More info can be found at http://www.debian.org/security/key-rollover/

Also your solution (if I understand it right) upgrades the release of Ubuntu to 8.04. That is neither necessary nor would I advise to handle this whole bag of new issues.

K<o>

Thanks for the info I will post your link as well.

apt-get dist-upgrade will not upgrade to 8.04 unless you change your repos to hardy.

apt-get upgrade will not upgrade to 8.04 unless you change your repos to hardy, but apt-get upgrade (and synaptic) often shows the packages as on "hold" necessitating the apt-get dist-upgrade to proceed with installation. I have updated two 7.10 server with those commands without upgrading either to 8.04.

HALP?

I must say I'm pretty dissappointed and ashamed by the handling of this whole issue. Still I don't know if I am affected and if yes, how to actually mend it. I have read the ubuntu security notices over and over again.

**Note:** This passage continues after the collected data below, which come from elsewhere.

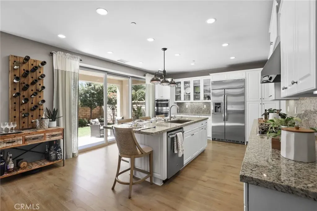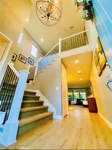 Located in the Prestigious Resort Style Community of Baker Ranch, this Elegant 3 Bed 3.5 Bath Turn-Key Residence has been Immaculately Maintained and upgraded throughout. Embrace the Indoor/Outdoor California Lifestyle. Soaring Cathedral Ceilings, Designer Paint, Upgraded Neutral Toned Wood Look Flooring and Wrought Iron Staircase greet you upon entrance and leads you to the open concept Great Room. Overlooking your Own Private Backyard Oasis, the Great Room is filled with Natural Sunlight and Spacious and accommodating for family gatherings. Continue into the Gourmet Kitchen featuring Upgraded Stainless Steel Appliances, Built-In Refrigerator, Upgraded White Cabinets, Granite Backsplash, Upgraded Sink, Designer Light Fixture and a Massive Center Island w/ Beautiful Granite Counter Tops w/Bar Seating. Continue through the Sliding Glass Panel Door outside to the Private Backyard to enjoy Lush Landscaping, Natural Fruit Trees, Custom Outdoor Lighting and Tranquil Sunsets. Embrace the Indoor/Outdoor California Lifestyle we all love! Upstairs you will find the Multi-Purpose Loft, Convenient Upstairs Laundry and 3 Bedrooms each w/attached individual bathrooms. ThePrimary Suite Retreat is Light, Bright and Spacious and leads to the fully upgraded Spa Like Primary bathroom featuring upgraded Tile Flooring, Neutral Toned Granite Counter Tops, and a Restorative Glass Walk-In Shower. Additional features for the Modern Day Buyer include Water Softener and a spacious Two Car Garage with Epoxy Flooring, Level 2 EV Charger, Built-In Steel Garage Cabinets w/ Work Bench. Ideally located just a short walk to Resort Style Amenities including Hiking Trails, Swimming Pool, Tennis Courts & Clubhouse…No Mello-Roos and Low HOA. Beautiful Home..This is the One!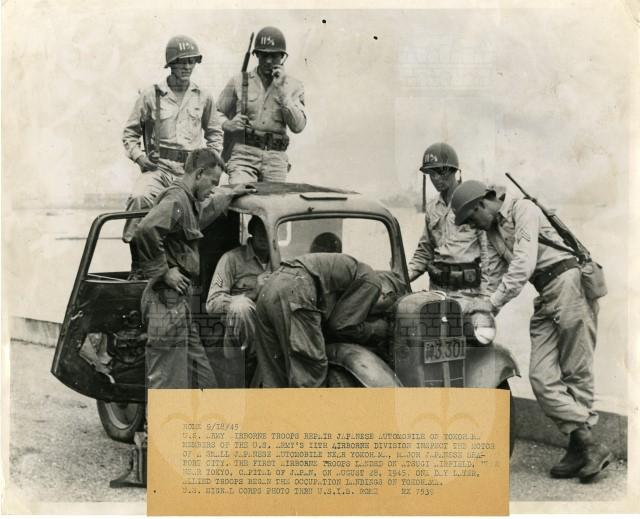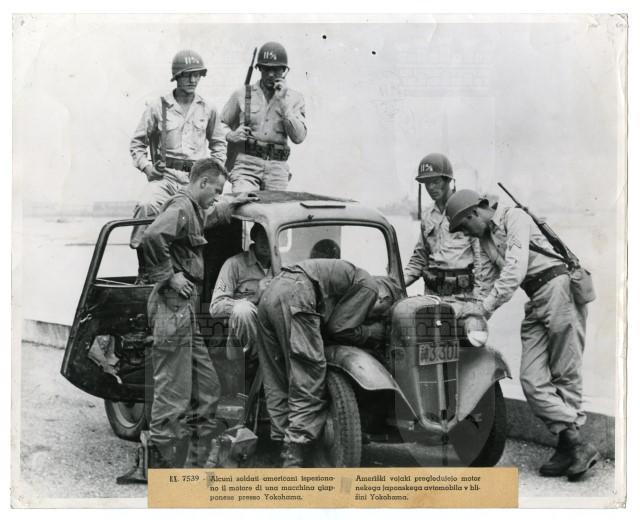 Una truppa americana dell'undicesima divisione aerea ispeziona il motore di un'automobile giappponese nella città di portuale di Yokohama, invasa il 29 agosto 1945.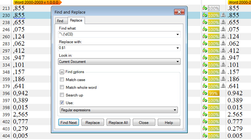I also used Regex in Find&Replace the other day to add a 0 in front of the decimal point of a long list of numbers where it was missing.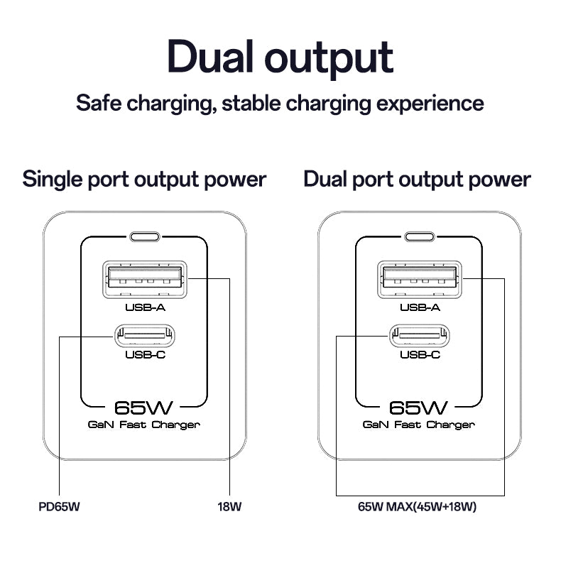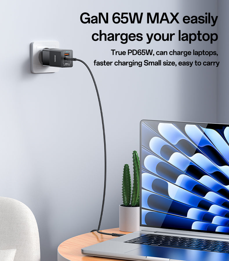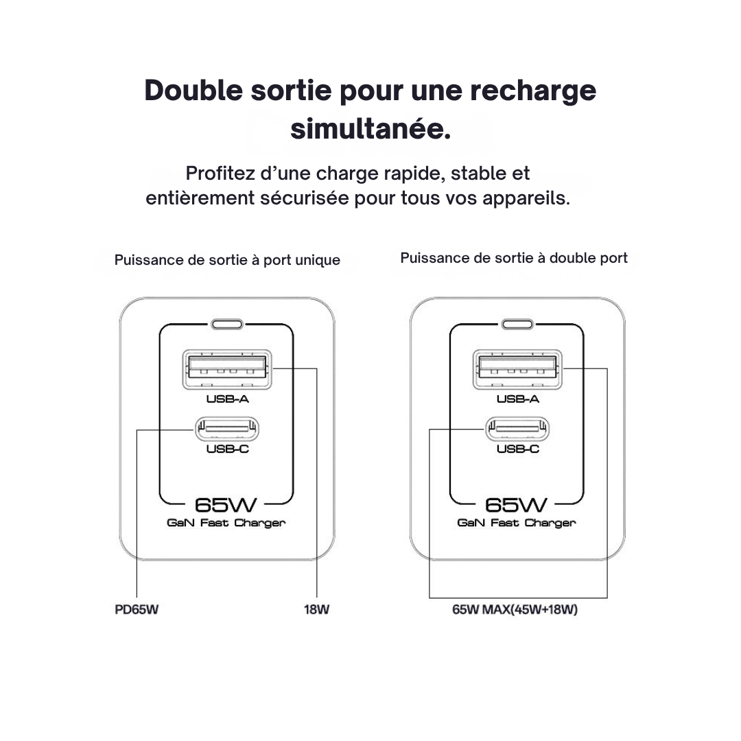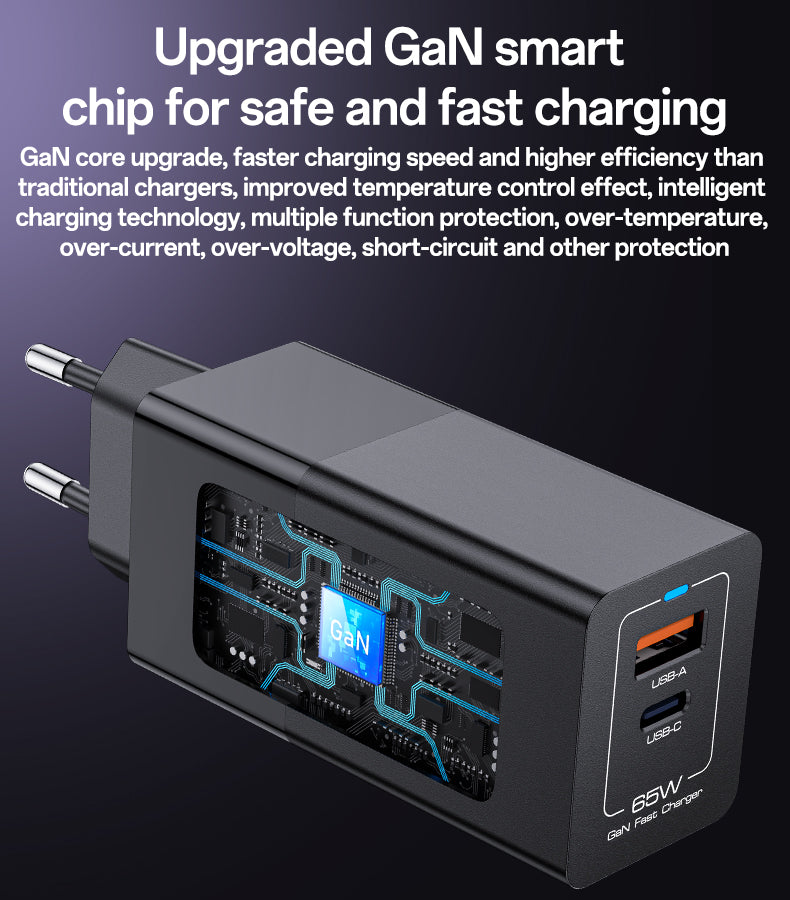 Puissance de charge rapide 65W avec technologie GaN : plus efficace et plus sûr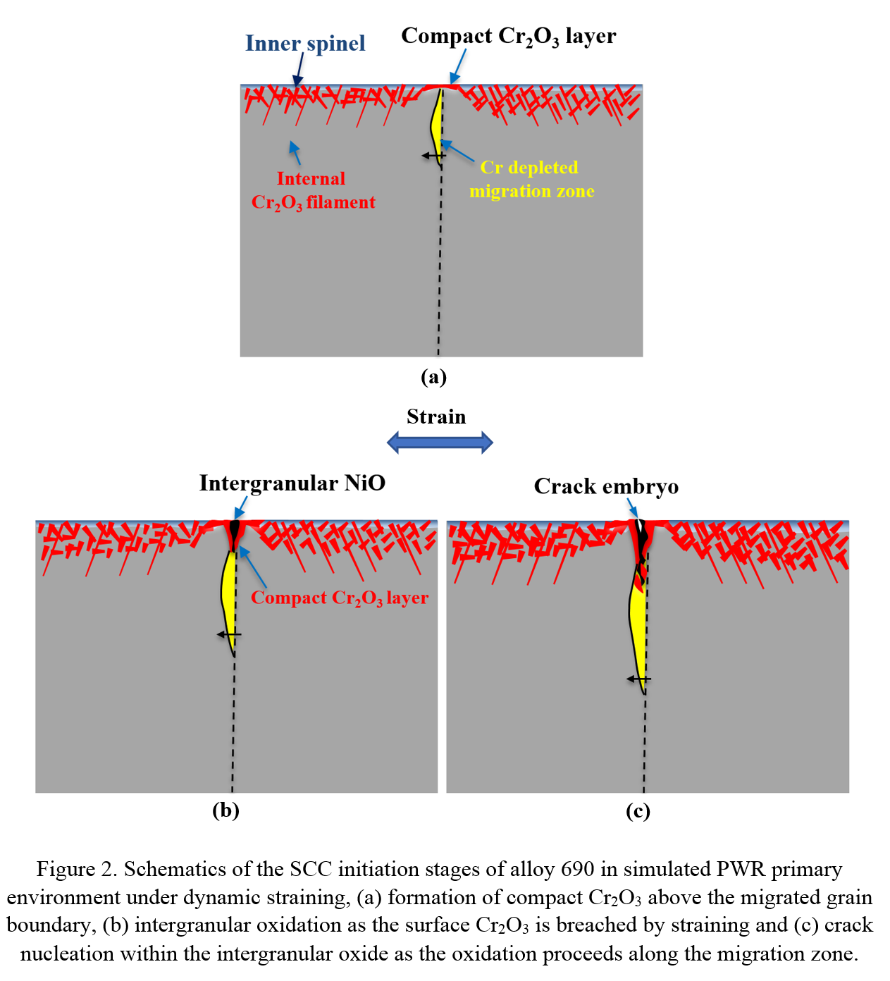 在另一项工作中,研究人员采用慢应变速率拉伸的方法研究了压水堆电站中传热管材镍基690合金的应力腐蚀裂纹起始过程。690合金自80年代投入使用以来电站现场还未出现开裂报道,其长期服役的可靠性仍备受关注。研究人员发现在动态加载下该材料也会发生应力腐蚀裂纹起始。其起始过程主要分为三个阶段:1、铬沿晶界扩散至表面发生氧化晶界,晶界发生迁移;2、表面氧化膜在动态应变作用下发生破裂,氧向晶界或晶界迁移区扩散导致择优氧化;3、晶间择优氧化导致晶界强度降低,裂纹逐渐在氧化物内萌生。这项工作第一次系统地解析了690合金应力腐蚀裂纹萌生的整个过程,为今后建立该合金的寿命预测模型奠定了基础。

(It's pretty funny because I've been using computers more than 20 years and generally feel pretty much at home with them. I can only imagine what the average d00d understands about this issue. Safe as the Titanic. I guess 2008 isn't the year of the linux desktop...)

HALP?

I must say I'm pretty dissappointed and ashamed by the handling of this whole issue.
I thought the handling of the issue was pretty remarkable. As big and embarrassing a mess-up as this was, the Debian security folks were very up front about reporting it and getting the information out to everyone as quickly as possible.

It's unfortunate that it happened in the first place, yes, but this is why it's said that the only safe computer is the one that's not plugged in.

Too bad most users might still be vulnerable. :(

Is this random number generator vulnerability an issue with OpenSSH specifically (effecting all particular versions of OpenSSH no matter the platform), or a Debian/Ubuntu specific vulnerability?

It's Debian specific; some maniac decided it made sense to mess around with code being imported into Debian even though it worked perfectly fine, without confirming the changes upstream ;)

It's my understanding that, after the updates, you can run ssh-vulnkey. If the results are all positive, you can go ahead and forget about the whole thing.

Any background on this disaster?? I took a long time for this exploit to be discover. Egdy was released well over a year ago, and the exploit has only been discovered now? How was it discovered?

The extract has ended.